On 2021-06-08 12:15, Marek Szyprowski wrote:
> Hi Robin,
> 
> On 27.05.2021 17:34, Robin Murphy wrote:
>> Import the latest implementation of memcpy(), based on the
>> upstream code of string/aarch64/memcpy.S at commit afd6244 from
>> https://github.com/ARM-software/optimized-routines, and subsuming
>> memmove() in the process.
>>
>> Note that for simplicity Arm have chosen to contribute this code
>> to Linux under GPLv2 rather than the original MIT license.
>>
>> Note also that the needs of the usercopy routines vs. regular memcpy()
>> have now diverged so far that we abandon the shared template idea
>> and the damage which that incurred to the tuning of LDP/STP loops.
>> We'll be back to tackle those routines separately in future.
>>
>> Signed-off-by: Robin Murphy <robin.murphy at arm.com>
> 
> This patch landed recently in linux-next as commit 285133040e6c ("arm64:
> Import latest memcpy()/memmove() implementation"). Sadly it causes
> serious issues on Khadas VIM3 board. Reverting it on top of linux
> next-20210607 (together with 6b8f648959e5 and resolving the conflict in
> the Makefile) fixes the issue.
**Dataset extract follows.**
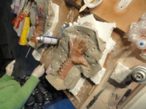 (I will be using pictures of other pieces I have made clay walls of since I don’t have as many as I’d like of the stone hands being molded)
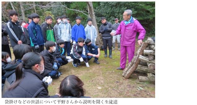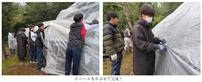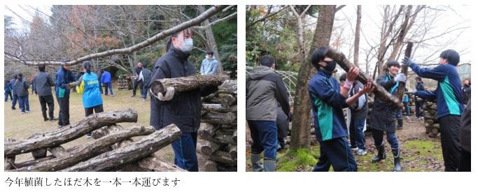 「のとてまり」栽培の一環として、5月に植菌した「ほだ木」をビニールハウスに入れる作業を2年生全員で行いました。地元生産農家の高森正治さん、県農林総合研究センターの八島武志さん、昨年まで日本きのこセンター技術主幹を努められていた平野伸夫さんらのご指導のもと、200本の「ほだ木」をハウスに移動した後、骨組のパイプの上にビニールシートをかぶせました。

Here is the kernel log:
> 
> Unable to handle kernel paging request at virtual address ffff8000136bd204
> Mem abort info:
>     ESR = 0x96000061
>     EC = 0x25: DABT (current EL), IL = 32 bits
>     SET = 0, FnV = 0
>     EA = 0, S1PTW = 0
> Data abort info:
>     ISV = 0, ISS = 0x00000061

That's an alignment fault, which implies we're accessing something which 
isn't normal memory.

>     CM = 0, WnR = 1
> swapper pgtable: 4k pages, 48-bit VAs, pgdp=0000000009da6000
> [ffff8000136bd204] pgd=10000000f4806003, p4d=10000000f4806003,
> pud=10000000f4805003, pmd=1000000000365003, pte=00680000ffe03713
> Internal error: Oops: 96000061 [#1] PREEMPT SMP
> Modules linked in: brcmfmac brcmutil cfg80211 dw_hdmi_i2s_audio
> meson_gxl hci_uart btqca btbcm bluetooth panfrost ecdh_generic ecc
> snd_soc_meson_axg_sound_card crct10dif_ce snd_soc_meson_card_utils
> rfkill rtc_hym8563 gpu_sched dwmac_generic rc_khadas meson_gxbb_wdt
> meson_ir pwm_meson snd_soc_meson_axg_tdmin snd_soc_meson_g12a_tohdmitx
> rtc_meson_vrtc snd_soc_meson_axg_tdmout snd_soc_meson_axg_frddr
> reset_meson_audio_arb snd_soc_meson_codec_glue axg_audio meson_rng
> sclk_div dwmac_meson8b snd_soc_meson_axg_toddr mdio_mux_meson_g12a
> clk_phase stmmac_platform rng_core snd_soc_meson_axg_fifo meson_dw_hdmi
> stmmac meson_drm meson_canvas dw_hdmi pcs_xpcs display_connector
> snd_soc_meson_axg_tdm_interface nvmem_meson_efuse adc_keys
> snd_soc_meson_axg_tdm_formatter
> CPU: 4 PID: 135 Comm: kworker/4:3 Not tainted 5.13.0-rc5-next-20210607
> #10441
> Hardware name: Khadas VIM3 (DT)
> Workqueue: events request_firmware_work_func
> pstate: 20000005 (nzCv daif -PAN -UAO -TCO BTYPE=--)
> pc : __memcpy+0x2c/0x260
> lr : sg_copy_buffer+0x90/0x118
> ...
> Call trace:
>    __memcpy+0x2c/0x260
>    sg_copy_to_buffer+0x14/0x20
>    meson_mmc_start_cmd+0xf4/0x2c8
>    meson_mmc_request+0x4c/0xb8
>    __mmc_start_request+0xa4/0x2a8
>    mmc_start_request+0x80/0xa8
>    mmc_wait_for_req+0x68/0xd8
>    mmc_io_rw_extended+0x1d4/0x2e0
>    sdio_io_rw_ext_helper+0xb0/0x1e8
>    sdio_memcpy_toio+0x20/0x28
>    brcmf_sdiod_skbuff_write.isra.18+0x2c/0x68 [brcmfmac]
>    brcmf_sdiod_ramrw+0xe0/0x230 [brcmfmac]
>    brcmf_sdio_firmware_callback+0xa8/0x7c8 [brcmfmac]
>    brcmf_fw_request_done+0x7c/0x100 [brcmfmac]
>    request_firmware_work_func+0x4c/0xd8
>    process_one_work+0x2a8/0x718
>    worker_thread+0x48/0x460
>    kthread+0x12c/0x160
>    ret_from_fork+0x10/0x18
> Code: 540000c3 a9401c26 a97f348c a9001c06 (a93f34ac)
> ---[ end trace be83fa283dc82415 ]---
> 
> I hope that the above log helps fixing the issue. IIRC the SDHCI driver
> on VIM3 board uses internal SRAM for transferring data (instead of DMA),
> so the issue is somehow related to that.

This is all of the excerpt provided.